On appeal, the appellant contends that she did not willfully violate her probation, that she was forced into the situation, and that a defense of necessity should have been considered before revoking her probation.
II. Analysis
On appeal, the appellant argues that the trial court abused its discretion in revoking her probation. Initially, we note that, upon finding by a preponderance of the evidence that the appellant has violated the terms of her probation, a trial court is authorized to order an appellant to serve the balance of her original sentence in confinement. See Tenn. Code Ann. §§ 40-35-310 and 40-35-311(e) (2003); State v. Harkins, 811 S.W.2d 79, 82 (Tenn. 1991). Such probation revocation rests in the sound discretion of the trial court and will not be overturned by this court absent an abuse of that discretion. See State v. Leach, 914 S.W.2d 104, 106 (Tenn.Crim.App. 1995). An abuse of discretion exists when "the record contains no substantial evidence to support the trial court's conclusion that a violation has occurred." State v. Conner, 919 S.W.2d 48, 50 (Tenn.Crim.App. 1995).
The appellant argues that while she may have technically violated the conditions of her probation, she was forced into the situation and did not voluntarily choose to have contact with her granddaughter. Thus, she should be shielded by a defense of necessity. However, as the trial court noted, the testimony of the appellant and other witnesses at the evidentiary hearing shows that the appellant had the ability to use her portable oxygen tank to reach her daughter's apartment door and that she chose not to use it on the morning in question. Even if the child had been left at the apartment unbeknownst to the appellant, the appellant effectively chose to continue that contact. The record reflects that the appellant's daughter lived in the apartment just below the appellant's apartment.
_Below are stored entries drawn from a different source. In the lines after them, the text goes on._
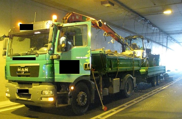 (we) Ein abstehender Schwenkarm eines Radladers riss am Montagnachmittag im Mönchwaldtunnel Teile der Deckenbeleuchtung ab und verursachte damit einen Schaden von etwa 85.000 Euro.
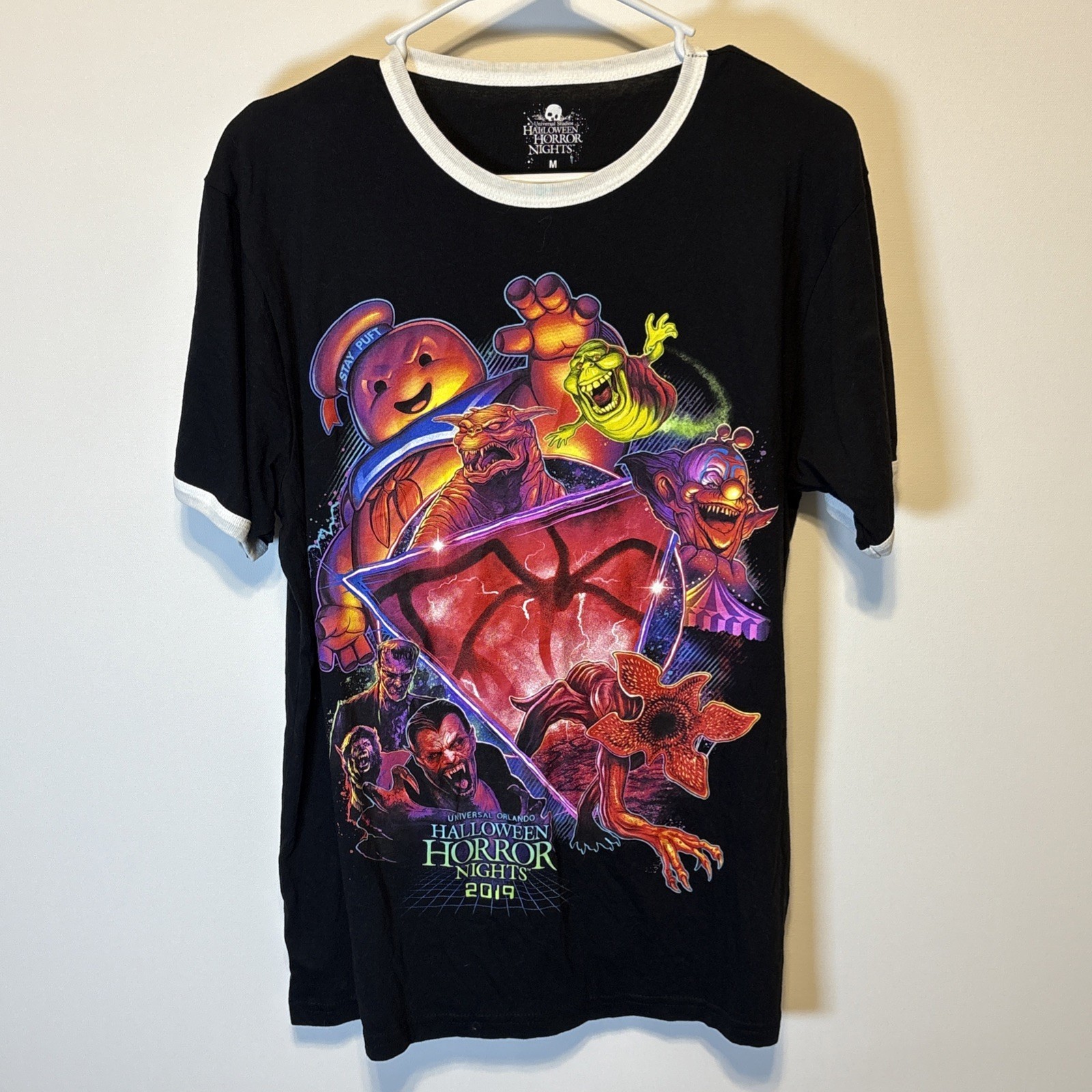 - Halloween Horror Nights 2019 T-Shirt Universal Studios Full Print Black Sz M
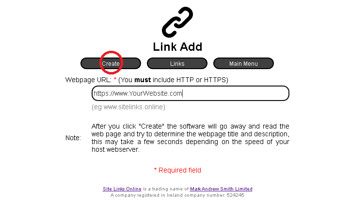 Then click “Create”. Note: That there is a pause while the system goes away and reads your webpage. This is to determine the webpages title, description and keywords. These will be pre-populated on the next screen.

However, the appellant did not notify her daughter of the child's presence. Whether the defense of necessity applies to the appellant's situation is irrelevant, as she would have violated her probation even if the defense were applicable.
The appellant also argues that, according to State v. Dye, 715 S.W.2d 36, 41 (Tenn. 1986), the State must prove that the appellant's acts were willful in order for them to constitute a violation of probation. However, Dye speaks to the situation in which a defendant has violated his probation by failure to pay restitution or fines. Id. The court in Dye stated that the trial court must determine the reasons behind the failure to pay.Id. If the failure is not willful and the defendant has made genuine efforts to pay, the court may choose not to revoke the defendant's probation. Id. The instant case does not involve the failure to pay fines but rather a failure to adhere to the probation conditions imposed upon her by her status as a sex offender. See State v. William A. Marshall, No. M2001-02954-CCA-R3-CD, 2002 Tenn. Crim. App. LEXIS 868, at *20 (Nashville, Oct. 14, 2002).
As noted above, the appellant was physically able to contact her daughter, but she chose not to do so. Additionally, the trial court specifically found that the appellant's testimony was not credible and rejected her assertion that she could not summon her daughter for assistance. As the appellant's own testimony shows that she lied both to the probation officer and to the court, there is sufficient evidence to show that the trial court did not abuse its discretion in finding that she violated her probation. Accordingly, the trial court was within its power to revoke the appellant's probation and order her to serve the balance of her sentence in confinement.
III. Conclusion
Finding no reversible error, we affirm the judgment of the trial court.